Ela era a melhor pessoa que eu conheci. Minha alma gêmea, não de maneira romântica, mas como irmã que nunca tive.

    — O que aconteceu? Estou morrendo de sede...

  Me levanto atordoada, afastando meus cabelos úmidos do rosto. Meu corpo coberto de suor e marcas da posição a qual me deitei. Caminho em direção a cozinha e pego um copo d'agua gelado.

    — Não me diz que você não se lembra que dia é hoje?

  Meus olhos acendem em alerta e se direcionam a Alice.

    — Do que você esta falando? — Pergunto preocupada por não saber do que se tratava.

    — A sua audiência para o seu primeiro caso de homicídio. VOCÊ SE ESQUECEU? — Alice diz incrédula.

    — QUANTO TEMPO EU DORMI? — Pergunto em desespero e confusa, enquanto começava a suar frio. Larguei o copo na pia e olhei para o relógio na parede. 10 horas da manhã. Corri, subindo as escadas indo em direção ao meu quarto, enquanto escuto ela falando alto comigo, para eu escutá-la de longe.

    — Você parecia tão cansada dormindo no sofá, ontem após o culto de manhã, que fiquei com pena, então preferi não te acordar.

  Nem ao menos me lembro de me deitar no sofá. A única coisa de que me recordo é daquele maldito homem no meu sonho, ou melhor, pesadelo. Acho que eu deveria fazer algumas preces antes de sair de casa novamente, ou quem sabe, até eu me putificar novamente.

  Tomei um banho rápido, sem tempo para preces agora e vesti meu tailleur cinza claro, com um par scarpin bege nos pés. Passei um perfume com suaves notas de coco adocicado, uma fina camada de gloss sabor morango nos lábios e rímel nos olhos. Certamente não preciso de mais do que isso,  para ficar apresentável o suficiente pro júri.



[ ... ]



    — "Acho que precisamos dar um tempo. Não acho que você seja o problema, de maneira alguma. Isso foi culpa minha e eu sei disso. Espero que você seja feliz sem mim. Eu te amei e sempre amarei. Te espero em outra vida, meu amor." Você acredita que esse doido mandou isso para mim por mensagem? E a gente ficou só uma vez. — Disse Alice, rindo da situação que acabara de passar, com um idiota que ela conheceu em uma das festas loucas de sempre. Típico dela.

    — Um completo babaca. Você deveria parar de frequentar baladas, para conhecer alguém. Se quer mesmo que te levem a sério, você precisa parar de procurar pessoas nos lugares errados. Como por exemplo, onde a mulher é desvalorizada e vista como um objeto de usufruto alheio. — Reviro os olhos, sabendo que isso deveria ser óbvio para qualquer mulher. Mas claro, como amiga meu trabalho é ajudar, mesmo que às vezes seja difícil.

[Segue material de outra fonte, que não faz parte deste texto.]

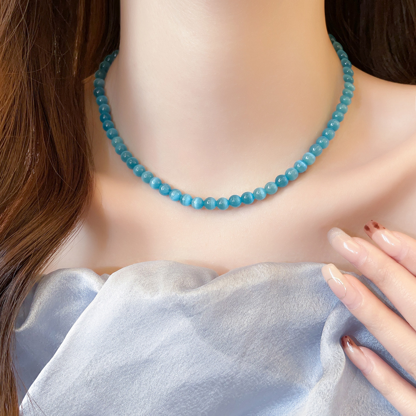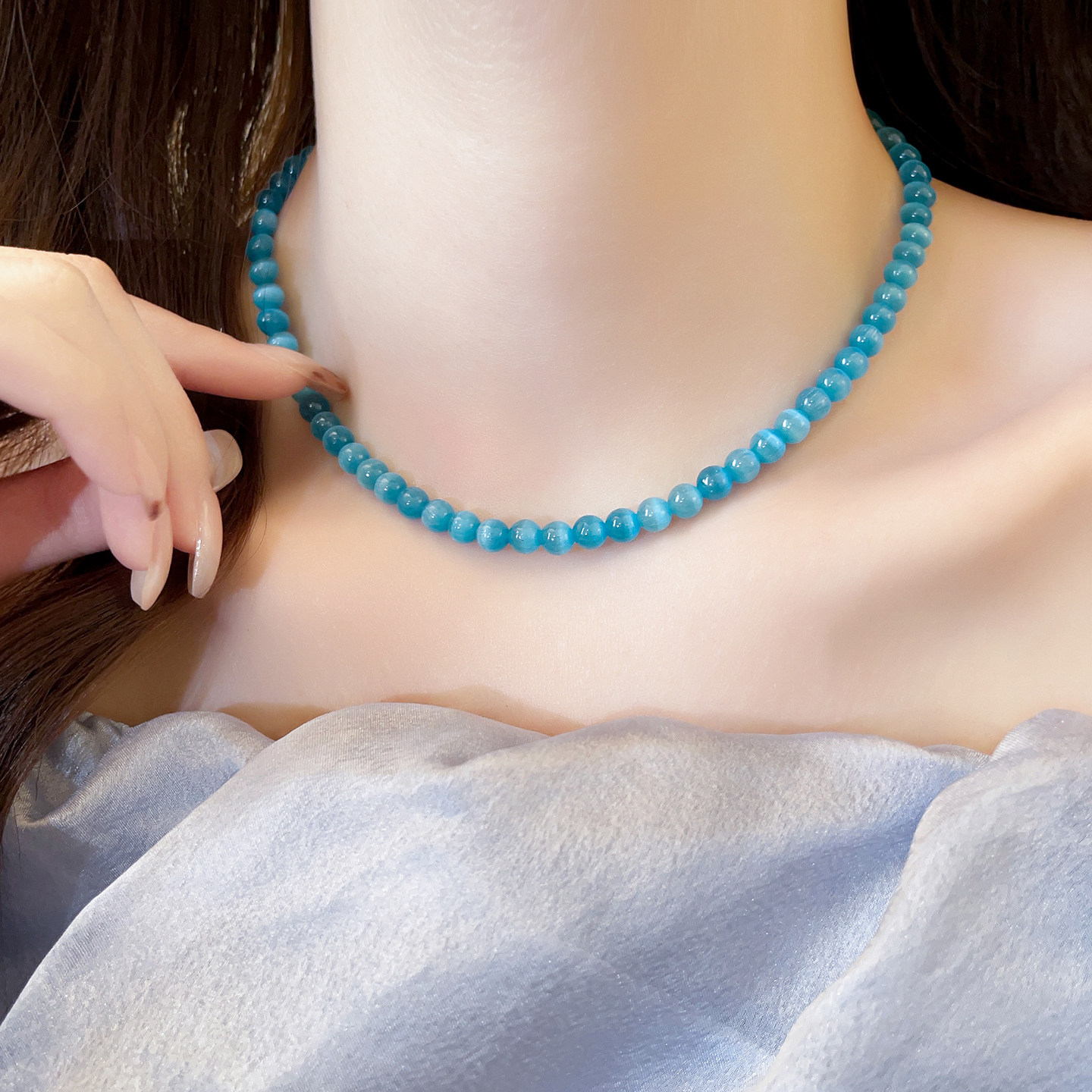 蓝色猫眼石项链女款2026新款颈链饰品高级感轻奢小众高级感锁骨链

    — Errada você não está, mas mesmo assim... você me conhece, eu não perderia uma saideira por nada neste mundo. — Ela brinca descontraída, enquanto olho no relógio o horário marcado com seriedade.

    — Preciso ir embora, a audiência é daqui 1 hora e ainda tenho que revisar a papelada. — Estava sentindo o cansaço tomar meu corpo, dormi pessimamente e ainda teria que revisar os documentos.

    — Ok, então... gostaria de uma carona, daqui do restaurante até la? — Ela sugere vendo que eu não aguentaria andar nem um quarteirão completo com esse salto alto num calor de 27 graus.

    — Com certeza, sim! — Me levanto e vou até a caixa registradora, onde se encontra uma atendente, com um sorriso simpático no rosto. 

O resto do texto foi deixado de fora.